I’ve shared deep dives into how seasons are changing and how that is consequential for all life on earth, how biodiversity change is more than just a reduction in the number of species, and how rivers march to the beat of their own drum and are like trees in many ways. And I’ve also shared the ideas I’m pondering, the content I’m browsing, and news from my lab via the Nexus Notes series.
That is the work I want to double down on.
Over the next year, Predirections will focus even more tightly on the biodiversity–climate nexus and the levers we have at hand to make positive change happen. I’ll continue to lean on freshwater systems — not only because that’s my main area of expertise, but also because they’re where signals of global change often show up first. More clarity about what’s really happening, what’s possible, and what’s at risk if we get it wrong.
That means leaning harder into:
evidence‑grounded analysis
real case studies
trade‑offs, uncertainty, and uncomfortable truths
forward‑looking thinking in a world where historical baselines are increasingly irrelevant
These posts don’t typically lend themselves to click-bait titles. These are reasoned ideas, not divisive takes engineered to spark outrage. Sure, I’d grow faster if I chose to chase outrage and cheap dopamine hits — there’s no shortage of folks who do — but that’s not why I write, and I’m sure that’s not why you read.
So here’s what’s changing.
First, Nexus Notes will be free again. I’ve long been uneasy with these being behind a paywall. I want them free and easy to share for anyone curious about biodiversity, climate, and water — and in the coming days, I’ll go back and reopen these posts for all to access.

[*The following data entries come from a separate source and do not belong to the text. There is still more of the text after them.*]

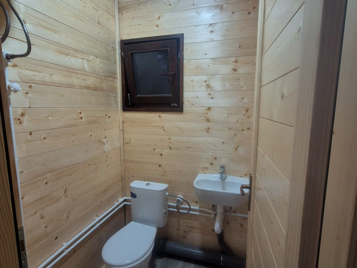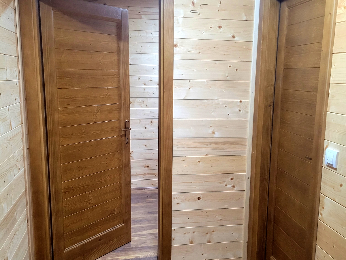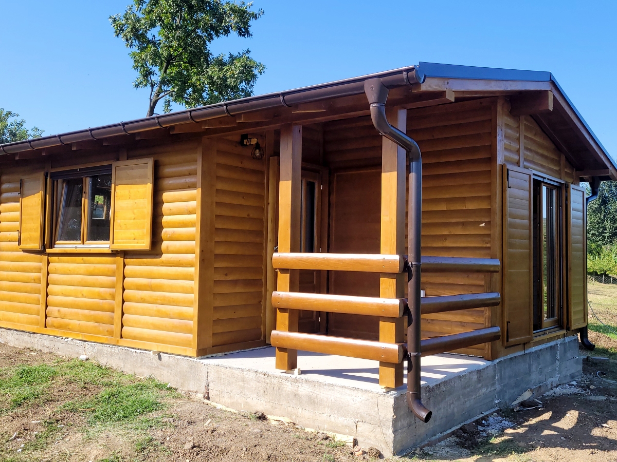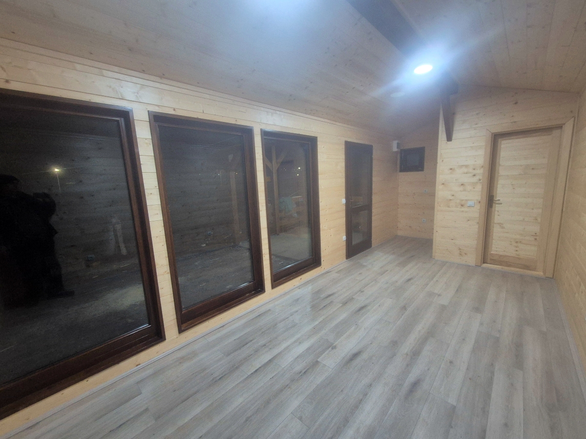 Kompletno završene brvnare od industrijski obrađene i sušene čamove građe, sa vrhunskom termoizolacijom i dugotrajnom obradom. Spoljašnji zidovi od poluoblice 70 mm (ili ravna/kosa daska), masivni stubovi 14 × 14 cm, krov sa OSB pločama i tegolom ili limom po izboru kupca. Kvalitetna drvena stolarija sa dvoslojnim argonskim staklom, kompletne elektro i vodovodne instalacije, potpuno opremljeno kupatilo i završeni podovi sa izolacijom. Završna obrada Sadolinom u tri ruke, u tonu po izboru. Objekat se probno sklapa u proizvodnji i montira kod vas za 2 do 3 dana, uz uključeno 3D idejno rešenje.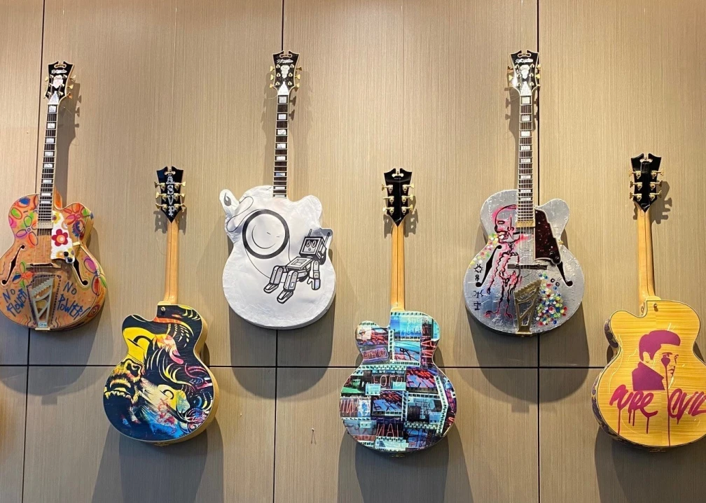 Art curator DK Johnston has combined two artistic forms in a group show featuring 14 exquisitely crafted D'Angelico Guitars -- each reimagined by a different artist. Each of the artists will be participating in the artist-in-residence at the Canopy, or is represented in the hotel's permanent collection.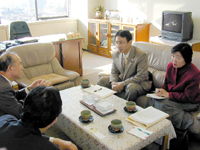 | ■足銀破たんで栃木県信用保証協会などと懇談 (2003年12月26日) 足利銀行の破たん・国有化問題で塩川鉄也衆院議員と野村せつ子栃木県副委員長は26日、県信用保証協会、県中小企業再生支援協試会を訪ね、実情を聞くなどして懇談しました。 足銀破たん後、県保証協会への融資の申し込みは千九百四件。昨年同月比(25日現在)で件数1・5倍、金額では3倍にはね上がっています。斎藤哲専務理事は、日本共産党の中小企業のセーフティーネットづくりの努力に謝辞を表明。「破たんの影響から三月決算で相当の赤字企業がでるのでは」と県内経済に悪影響が広がるとの見方を示しました。 県再生支援協議会で、これまでに受けつけた相談は83件。その約7割が「金が回らないなどの資金繰り」をめぐる資本金一千万円未満の企業からのものです。応対した幹部は「整理回収機構に送られる前に、企業の再生を図るのがわれわれの仕事。足銀の『受け皿さがし』を急ぐ動きがあるが延期するために力を貸してほしい」と塩川議員に協力を要請しました。 塩川議員は「再生支援中に『受け皿』が決まると、企業再生に混乱が生じる。再生が機能的にすすめられるよう努力したい」と答えました。
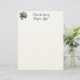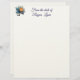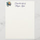 Elegant personalised letterhead featuring a delicate blue and orange watercolor flower in the top left corner. The words “From the desk of Rayna Lynn” appear in a graceful navy cursive font, centred at the top. The clean white background gives it a sophisticated and professional look, perfect for personal notes or business correspondence.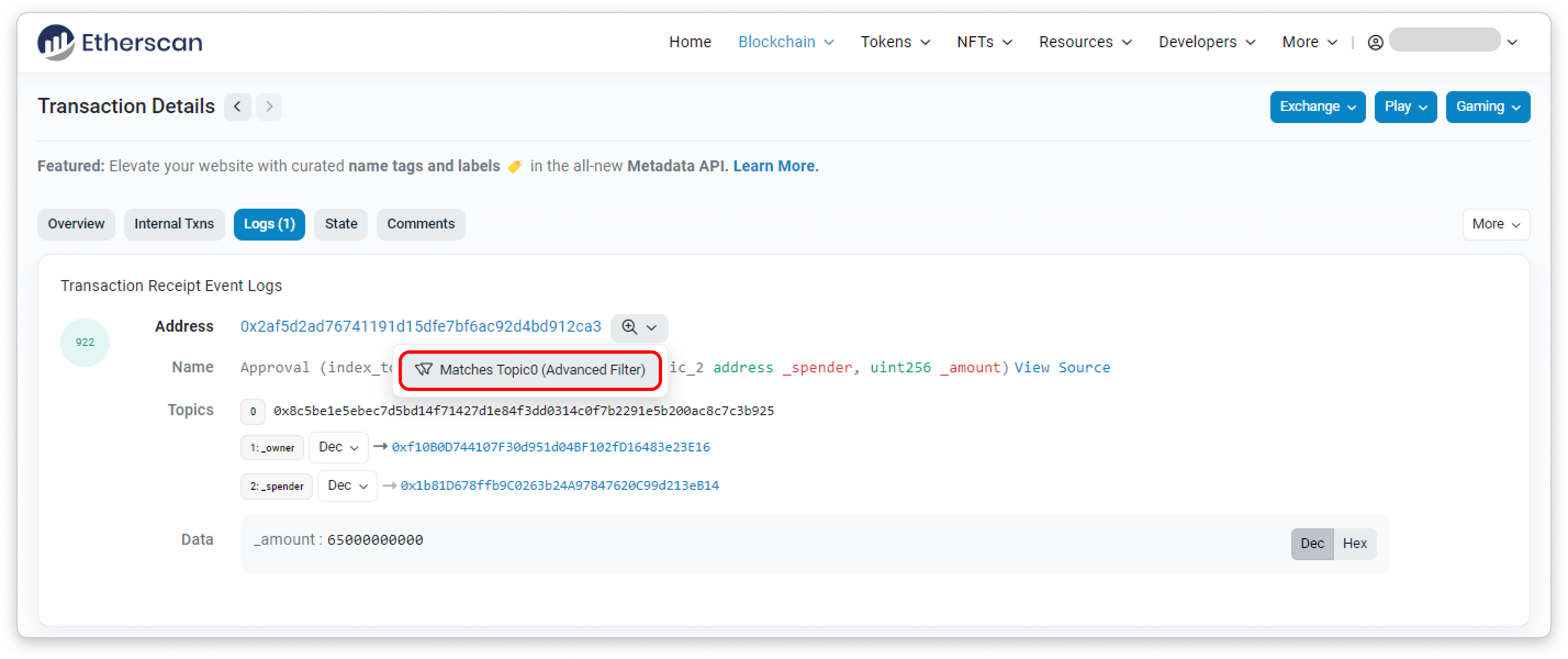 Visit the Logs tab on the Transaction Details page, click the magnifying glass icon to filter for a specific contract event, and use additional filter fields to refine your search.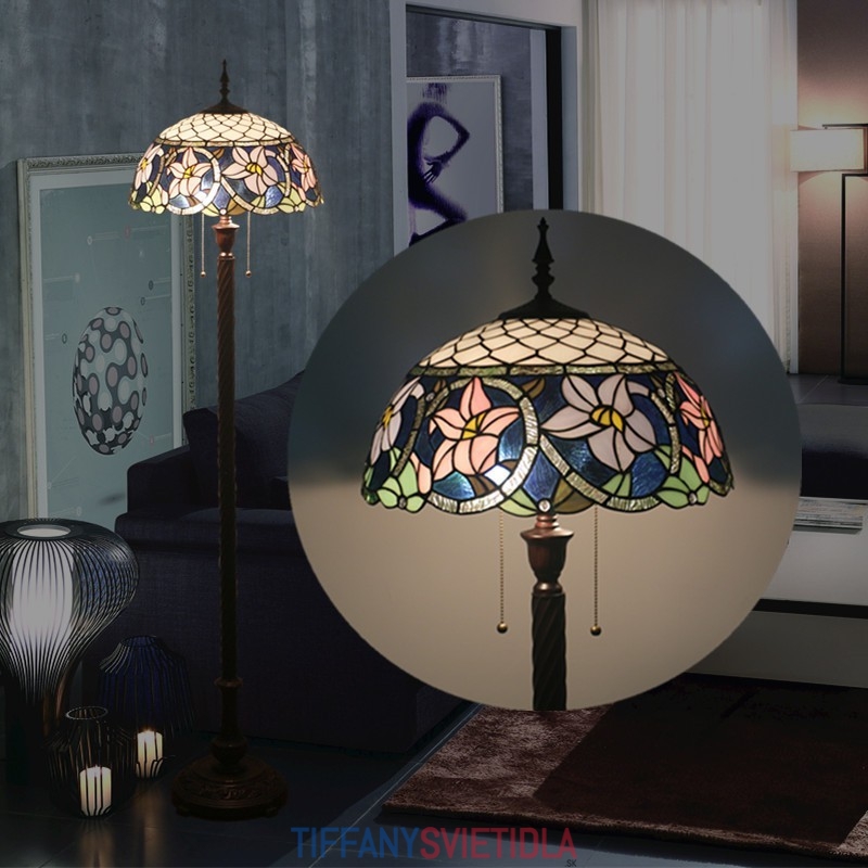40 cm Európska retro vitrážová podlahová lampa Tiffany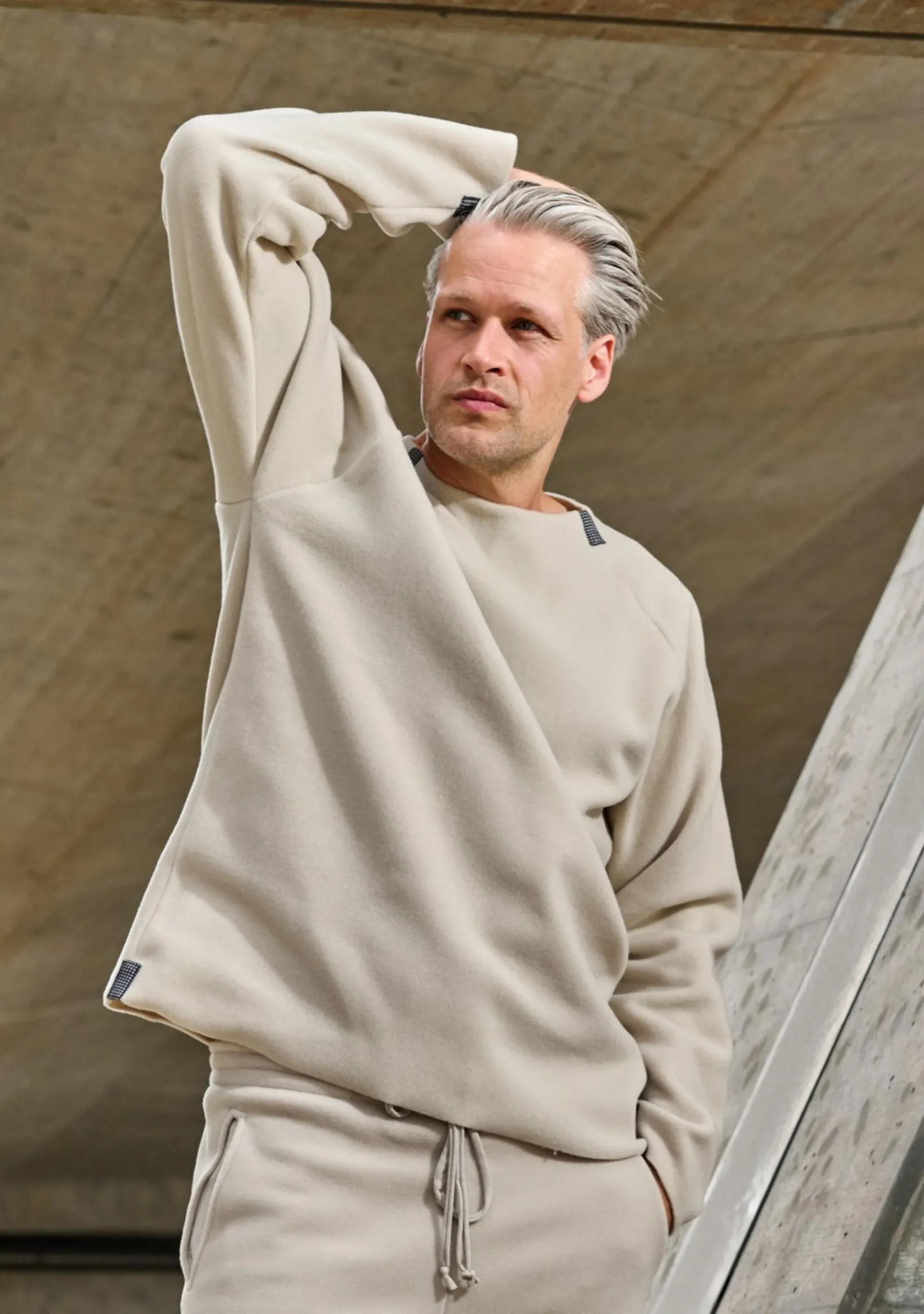 Vores klassiske fleece-pullover med rund halsudskæring og signatur-grosgrainbånd i hver side af halsen. Denne lette pullover er blød, let og åndbar. Bær den med jeans, habitbukser eller et par joggingbukser til rolige søndage derhjemme. Et garderobemæssigt must.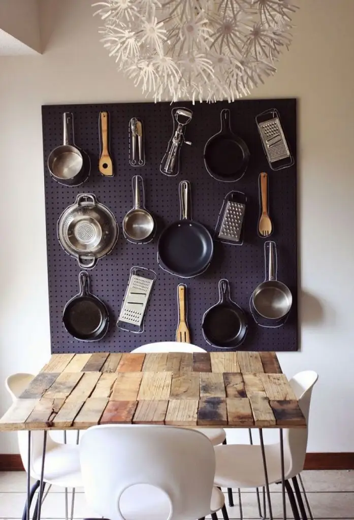 Alegerea unor solutii pentru depozitare la vedere este o alta maniera de a schimba aspectul incaperii. Va puteti pastra cele mai folosite ustensile de bucatarie la indemana, agatandu-le deasupra blatului de lucru sau suspendandu-le de tavan.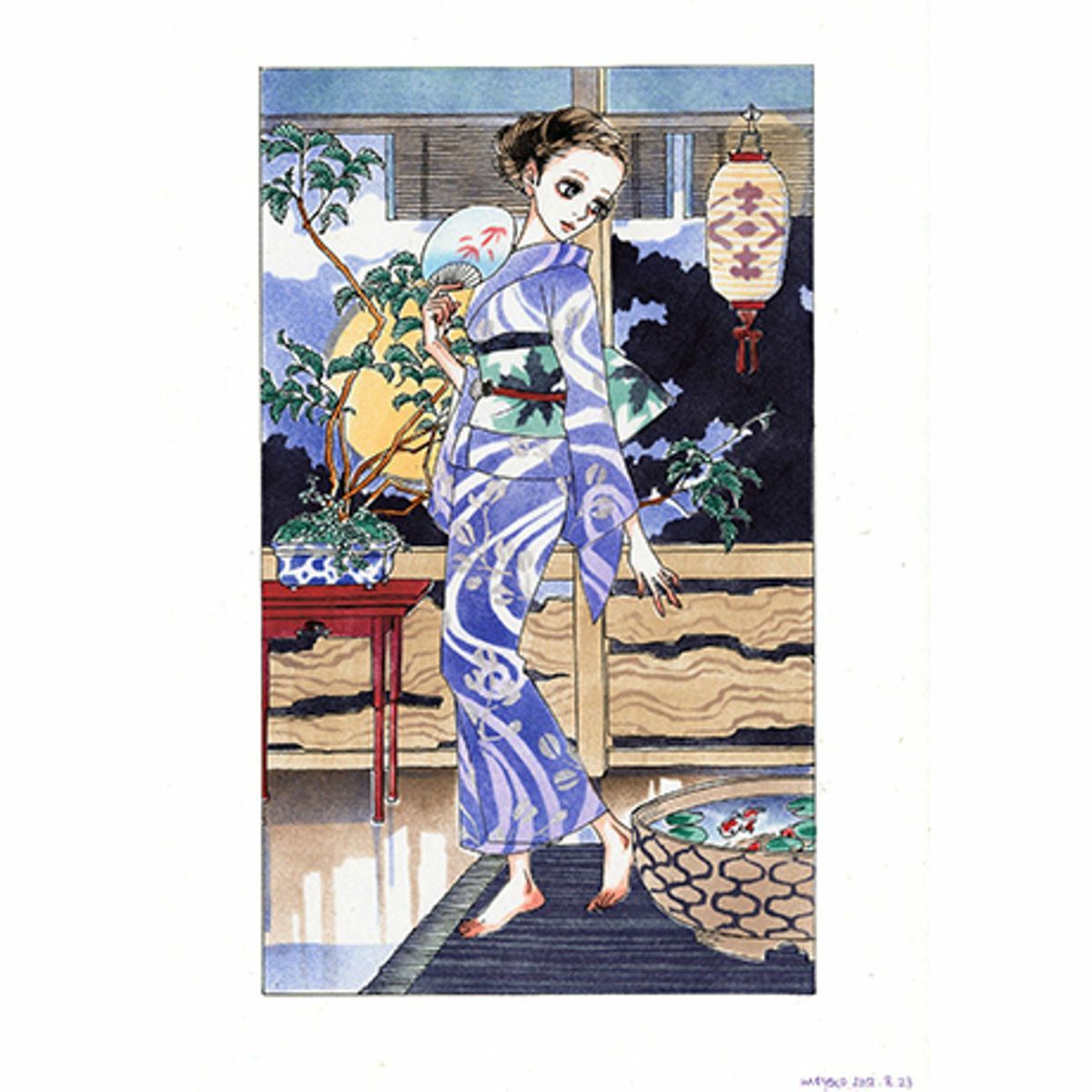 2013年『安野モヨコのしごと展』のために描き下ろされ、ポショワールという技法で着彩した着物の美人画。独特の風合いを味わえる複製原画です。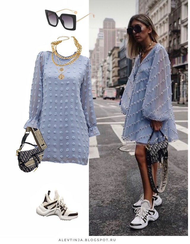 Воздушное платье серо-голубого оттенка с массивными кроссовками? Почему бы и да! Приёмчик не новый, сейчас им уже никого не удивишь. А какие-то лет 5-7 назад (или чуть раньше?) это выглядело революционно. Как вам?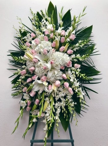 Blissful Petal Harmony Standing Spray, a breathtaking tribute that combines the timeless beauty of white peonies, the delicate charm of pink roses, and the elegance of white snapdragons. Standing tall on a graceful easel, this arrangement is a celebration of serenity and enduring love. The lush white peonies exude a sense of purity and grace, while the pink roses symbolize admiration and appreciation. The white snapdragons add a touch of sophistication and unity to this exquisite ensemble. The Blissful Petal Harmony Standing Spray is more than a display; it's a heartfelt expression of sympathy and a vivid celebration of a life filled with beauty, love, and cherished moments.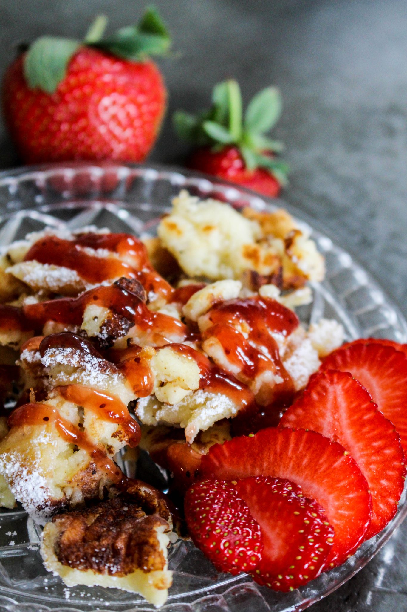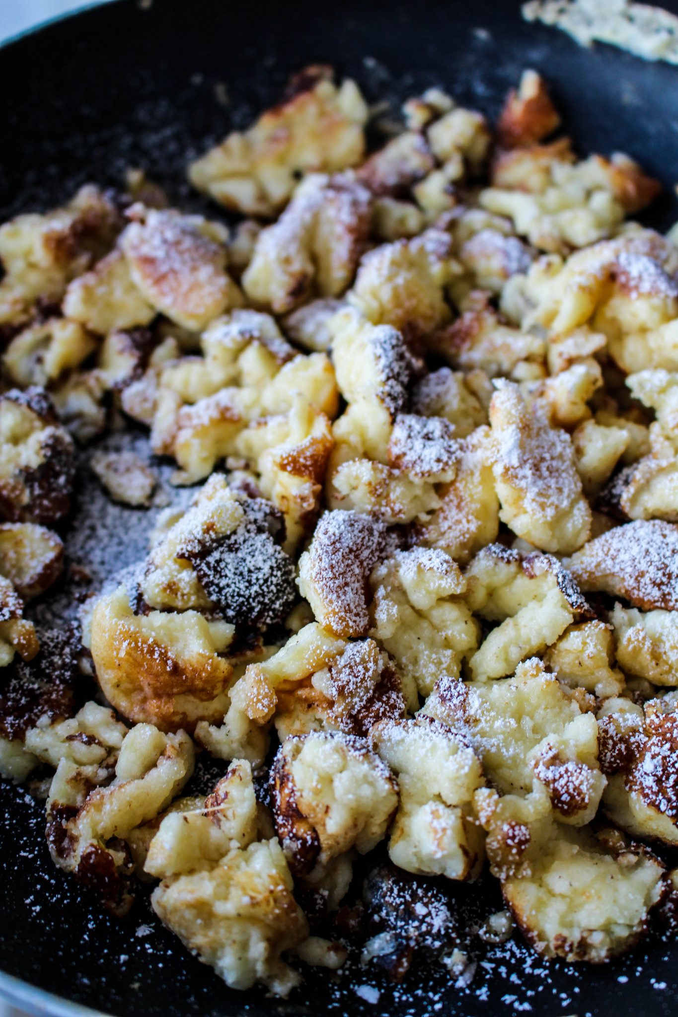 3) Vänd den stora pannkakan och stek på andra sidan tills den är genomgräddad. När den är genomgräddad så drar du isär pannkakan till små bitar – ca 2-3 cm stora. Jag använde två trägafflar. Häll i lite mer smör och grädda den någon minut till.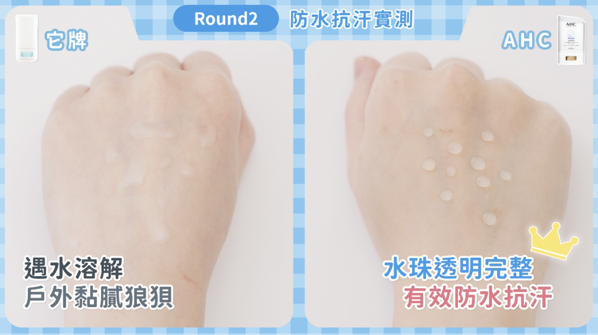 - Round 2|防水抗汗實測:各別擦上他牌防曬與AHC小白傘防曬棒後,都滴上水珠測試防水抗汗力,結果右手背的水珠明顯完整不泛白、不滑落,左手背的他牌則明顯融水泛白、水珠快速滑落;像較之下AHC的防曬棒防水效果更驚艷!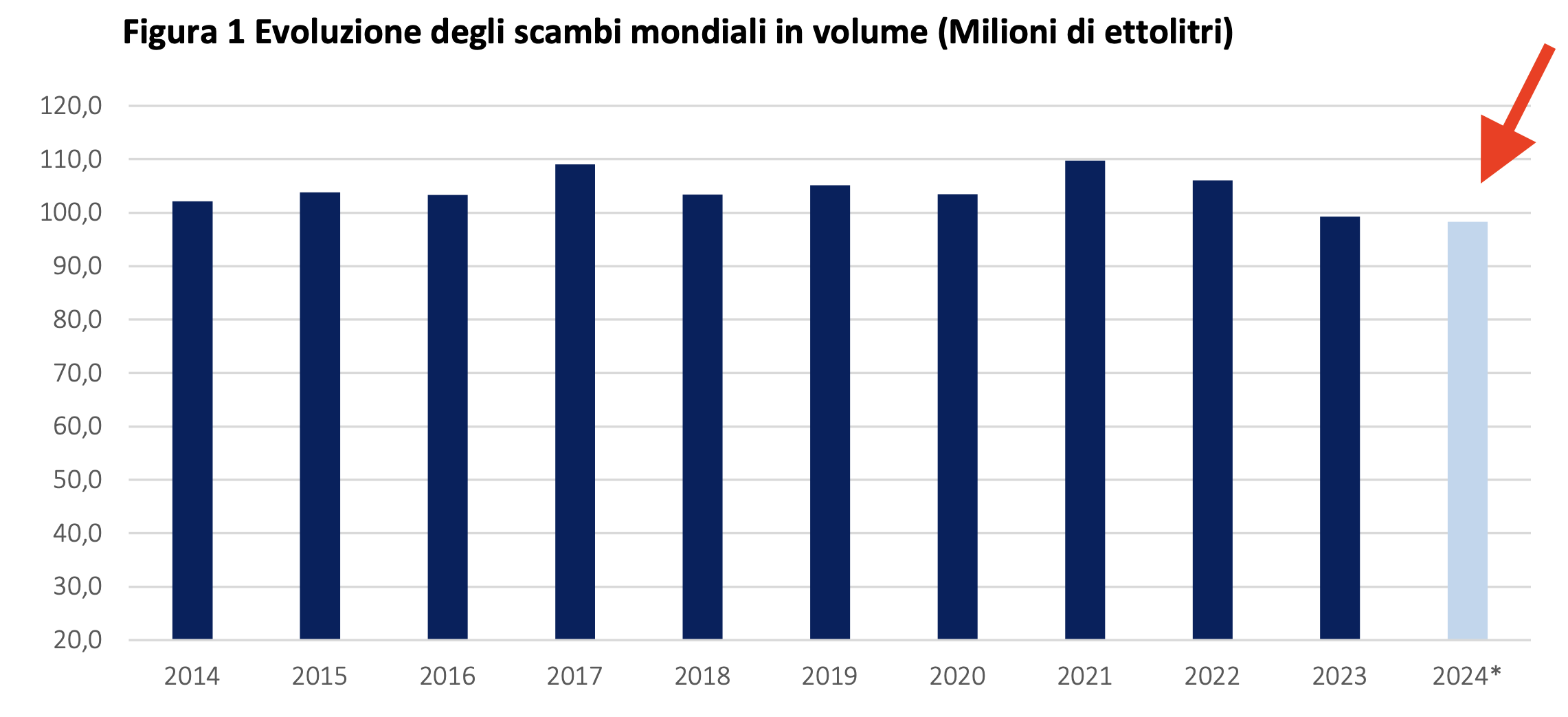 Le esportazioni mondiali in volume sono scese sotto la soglia dei 100 milioni.

Beyond Nexus notes, this kind of work takes time — not just to write, but to think through properly. It means reading deeply, connecting dots that don’t obviously connect, and resisting the pressure to chase headlines or churn out content just to keep an algorithm happy.
Paid subscriptions support that slower, deeper work. From time to time, paid readers will get small bonus pieces — short research breakdowns, focused explainers, more intimate thinking, or early drafts of ideas I’m still working through. And I’ll continue to experiment with different ideas, including ways to build community.
Regardless, the core content will remain free — in fact, more of it will be free than before. I’m returning to a supporter model: paid subscriptions help sustain the work, rather than restrict access to it.
If this newsletter helps you think more clearly about environmental change — or gives you language for things you already sense but haven’t quite been able to articulate — then a paid subscription is the simplest way to support that work.
For the next week, I’m offering a small supporter discount as a thank you to anyone who wants to help sustain this work as I reset the direction of Predirections.
If paying isn’t an option, you’re still very welcome here. Read, share, and take part in the conversation.
Jono




Hi Jonathan, many thanks for your thoughtful explanation of your plans and hopes for the future of your Substack. As a retired academic, I appreciate the challenge of writing outside the familiar structures of academia, where the pressure to publish, secure grants, and sustain the research that underpins both scholarship and teaching shapes so much of our work. Preparing material that is genuinely research informed is demanding enough; doing so in a way that remains accessible to a broad readership is another task entirely. It is certainly not a matter of simply sitting down and producing a few paragraphs. To write meaningfully for a wide audience, to make complex ideas understandable, and to encourage readers to explore these topics more deeply requires a considerable amount of effort. Substack is full of self‑described “nature writers,” many of varying quality, and too often their work offers only a superficial engagement with substantial issues. Few take the time, or have the training, to mine, interpret, and communicate research with any real depth.
Your own writing on Substack, which I have greatly enjoyed, stands in refreshing contrast. You lay out, describe, and explain serious research in a way that is both accessible and genuinely illuminating. It is, Professor, something to be proud of, and I very much hope you will be able to continue it. Warm regards, P
Thank you so much for this. It’s a real service to us that you share your hard-won knowledge so generously, especially at a time when universities are sliding ever deeper into crisis and other forms of adult education are increasingly hard to come by.